Chinese language employers select fines over assembly disability quotas

When musician Zhou Yunpeng was denied an account with one of China’s largest state banks last month, he learned that he had been classified as “a person incapable of civil behavior.” Mr. Zhou is blind.

“People don’t understand how disabled people live, how they operate cell phones or use bank cards,” says Zhou. “And if you don’t get along, you can’t talk about accessibility.”

Mr. Zhou eventually opened his account and received an apology from the bank. However, the incident sparked a heated debate on social media about how China is accommodating the physically and mentally disabled.

His experience also shows an astonishing discrepancy between the laws protecting people with disabilities in China and their actual application.

Like many European countries, China has an employment quota system that obliges public and private companies to reserve at least 1.5 percent of their jobs for disabled people, depending on the region. The base rate is lower than prescribed in many Western European countries, where the quota system was further developed after the First World War. France now prescribes 6 percent and Germany 5 percent, with penalties for larger employers who do not comply.
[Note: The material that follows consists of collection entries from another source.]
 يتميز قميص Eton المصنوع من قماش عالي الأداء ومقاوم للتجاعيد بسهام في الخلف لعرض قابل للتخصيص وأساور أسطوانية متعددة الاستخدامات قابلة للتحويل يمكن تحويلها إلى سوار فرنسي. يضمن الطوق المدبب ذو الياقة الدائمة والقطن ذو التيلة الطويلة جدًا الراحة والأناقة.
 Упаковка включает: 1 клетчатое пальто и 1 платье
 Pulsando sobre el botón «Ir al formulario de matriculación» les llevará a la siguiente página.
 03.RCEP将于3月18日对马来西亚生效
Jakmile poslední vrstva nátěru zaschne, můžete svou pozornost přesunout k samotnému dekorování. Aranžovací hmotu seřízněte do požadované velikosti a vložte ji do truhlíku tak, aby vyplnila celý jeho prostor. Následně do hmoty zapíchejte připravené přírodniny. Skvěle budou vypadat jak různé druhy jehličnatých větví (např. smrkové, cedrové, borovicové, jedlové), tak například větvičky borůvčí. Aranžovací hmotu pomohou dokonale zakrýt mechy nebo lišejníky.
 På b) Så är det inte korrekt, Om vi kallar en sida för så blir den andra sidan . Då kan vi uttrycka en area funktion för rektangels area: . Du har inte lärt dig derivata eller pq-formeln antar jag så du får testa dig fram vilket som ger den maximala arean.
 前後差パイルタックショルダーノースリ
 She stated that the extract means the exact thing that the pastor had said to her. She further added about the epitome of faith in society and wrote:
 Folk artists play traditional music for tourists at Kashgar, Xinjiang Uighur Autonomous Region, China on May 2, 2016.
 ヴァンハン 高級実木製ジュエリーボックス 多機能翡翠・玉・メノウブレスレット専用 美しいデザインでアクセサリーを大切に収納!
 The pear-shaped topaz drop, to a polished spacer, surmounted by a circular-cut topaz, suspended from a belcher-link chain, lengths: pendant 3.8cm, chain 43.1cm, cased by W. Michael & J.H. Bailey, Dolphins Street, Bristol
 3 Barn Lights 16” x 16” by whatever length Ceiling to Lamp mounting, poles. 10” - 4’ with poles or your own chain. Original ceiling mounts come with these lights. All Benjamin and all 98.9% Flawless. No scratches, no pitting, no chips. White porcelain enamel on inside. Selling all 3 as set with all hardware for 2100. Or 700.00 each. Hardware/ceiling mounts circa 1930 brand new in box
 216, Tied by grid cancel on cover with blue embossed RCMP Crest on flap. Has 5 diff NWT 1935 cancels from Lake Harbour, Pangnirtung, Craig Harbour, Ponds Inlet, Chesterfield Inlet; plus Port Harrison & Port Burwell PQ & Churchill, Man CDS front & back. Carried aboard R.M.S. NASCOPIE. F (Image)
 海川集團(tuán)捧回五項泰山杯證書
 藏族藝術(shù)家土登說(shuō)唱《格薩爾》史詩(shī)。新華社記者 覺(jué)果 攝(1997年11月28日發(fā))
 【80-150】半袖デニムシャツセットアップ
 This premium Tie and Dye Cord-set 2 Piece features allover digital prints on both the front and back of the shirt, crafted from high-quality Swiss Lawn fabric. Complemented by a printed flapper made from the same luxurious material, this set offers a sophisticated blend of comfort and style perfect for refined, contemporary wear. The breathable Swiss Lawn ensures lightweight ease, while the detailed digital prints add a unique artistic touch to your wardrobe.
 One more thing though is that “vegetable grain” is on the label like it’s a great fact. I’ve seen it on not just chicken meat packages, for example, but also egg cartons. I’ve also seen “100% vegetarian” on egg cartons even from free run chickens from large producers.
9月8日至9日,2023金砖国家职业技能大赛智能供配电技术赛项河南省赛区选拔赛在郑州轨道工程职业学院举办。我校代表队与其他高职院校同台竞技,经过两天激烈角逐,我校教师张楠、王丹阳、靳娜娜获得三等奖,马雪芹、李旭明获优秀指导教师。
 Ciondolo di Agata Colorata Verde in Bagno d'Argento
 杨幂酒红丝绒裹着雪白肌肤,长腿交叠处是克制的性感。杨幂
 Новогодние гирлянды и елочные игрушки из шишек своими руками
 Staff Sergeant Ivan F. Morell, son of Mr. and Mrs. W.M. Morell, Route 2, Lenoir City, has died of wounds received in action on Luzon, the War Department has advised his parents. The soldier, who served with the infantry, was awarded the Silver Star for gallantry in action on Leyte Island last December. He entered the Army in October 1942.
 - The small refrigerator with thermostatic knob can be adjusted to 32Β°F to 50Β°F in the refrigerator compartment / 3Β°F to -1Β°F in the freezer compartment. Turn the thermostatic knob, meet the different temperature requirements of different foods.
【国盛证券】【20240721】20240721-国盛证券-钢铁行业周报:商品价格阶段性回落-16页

When China introduced its own quota system in 2008, it was largely seen as a positive step towards recognizing the need to include jobs.

Denied: Zhou Yunpeng highlights poor treatment of the disabled

This is because disabled people in China are in a particularly dire situation. According to the China Disabled Persons’ Federation (CDPF), a government organization, only 9 million of the country’s estimated 85 million disabled citizens (approximately 6.5 percent of the country’s population) are employed.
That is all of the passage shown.